TASK BRIEF –
Since the copy must hold text only, transcribe the data below exactly and omit the images.
--------
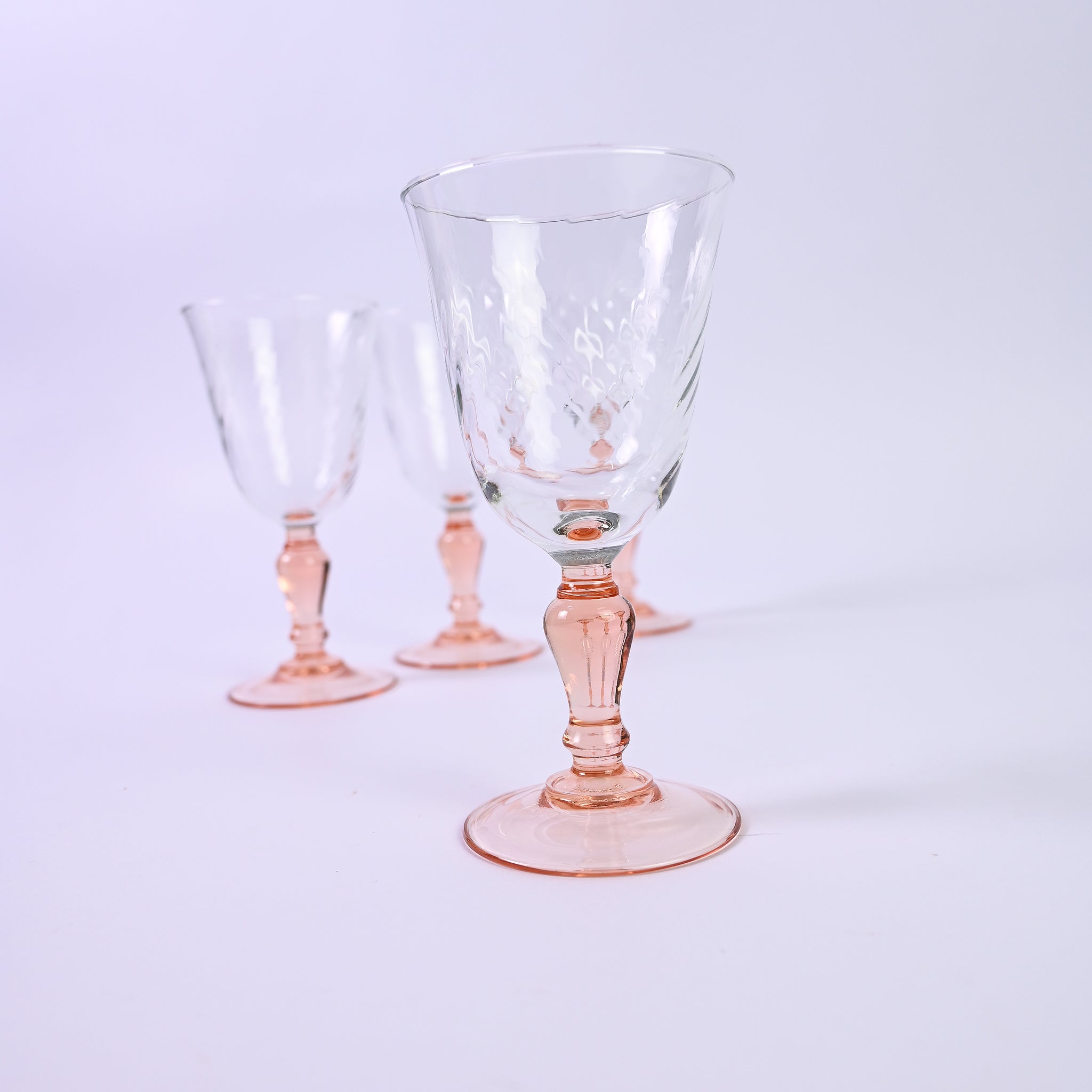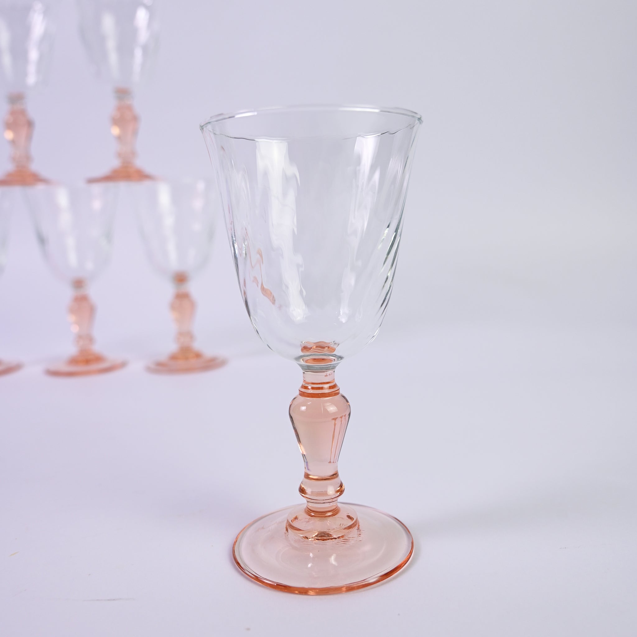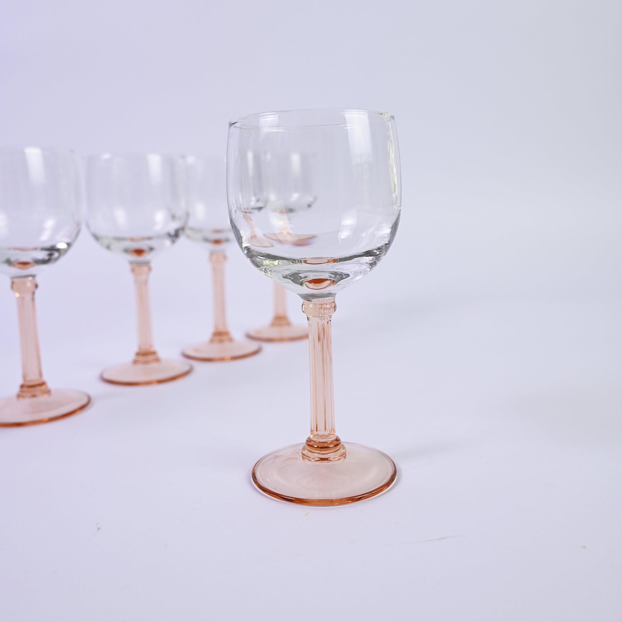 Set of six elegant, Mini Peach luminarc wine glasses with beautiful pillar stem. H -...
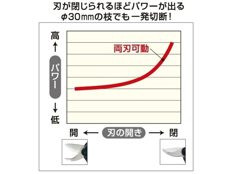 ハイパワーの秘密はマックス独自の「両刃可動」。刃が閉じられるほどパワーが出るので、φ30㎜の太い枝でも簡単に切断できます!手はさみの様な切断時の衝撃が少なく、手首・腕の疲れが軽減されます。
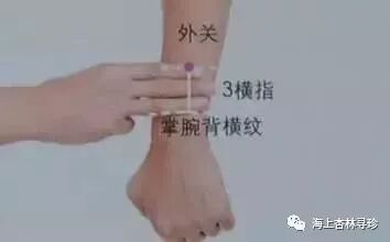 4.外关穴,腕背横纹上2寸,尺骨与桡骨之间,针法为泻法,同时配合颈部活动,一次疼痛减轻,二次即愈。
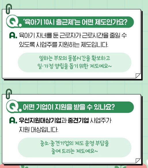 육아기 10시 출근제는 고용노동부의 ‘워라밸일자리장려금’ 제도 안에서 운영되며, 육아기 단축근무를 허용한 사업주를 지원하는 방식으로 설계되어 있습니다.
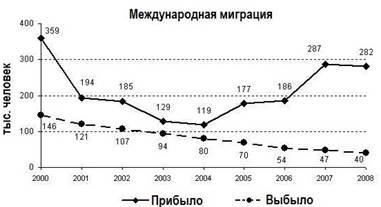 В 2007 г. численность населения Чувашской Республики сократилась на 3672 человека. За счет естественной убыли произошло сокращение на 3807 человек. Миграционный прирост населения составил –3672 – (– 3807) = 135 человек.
--------
RESPONSE TO THE TASK –
 Set of six elegant, Mini Peach luminarc wine glasses with beautiful pillar stem. H -...
 ハイパワーの秘密はマックス独自の「両刃可動」。刃が閉じられるほどパワーが出るので、φ30㎜の太い枝でも簡単に切断できます!手はさみの様な切断時の衝撃が少なく、手首・腕の疲れが軽減されます。
 4.外关穴,腕背横纹上2寸,尺骨与桡骨之间,针法为泻法,同时配合颈部活动,一次疼痛减轻,二次即愈。
 육아기 10시 출근제는 고용노동부의 ‘워라밸일자리장려금’ 제도 안에서 운영되며, 육아기 단축근무를 허용한 사업주를 지원하는 방식으로 설계되어 있습니다.
 В 2007 г. численность населения Чувашской Республики сократилась на 3672 человека. За счет естественной убыли произошло сокращение на 3807 человек. Миграционный прирост населения составил –3672 – (– 3807) = 135 человек.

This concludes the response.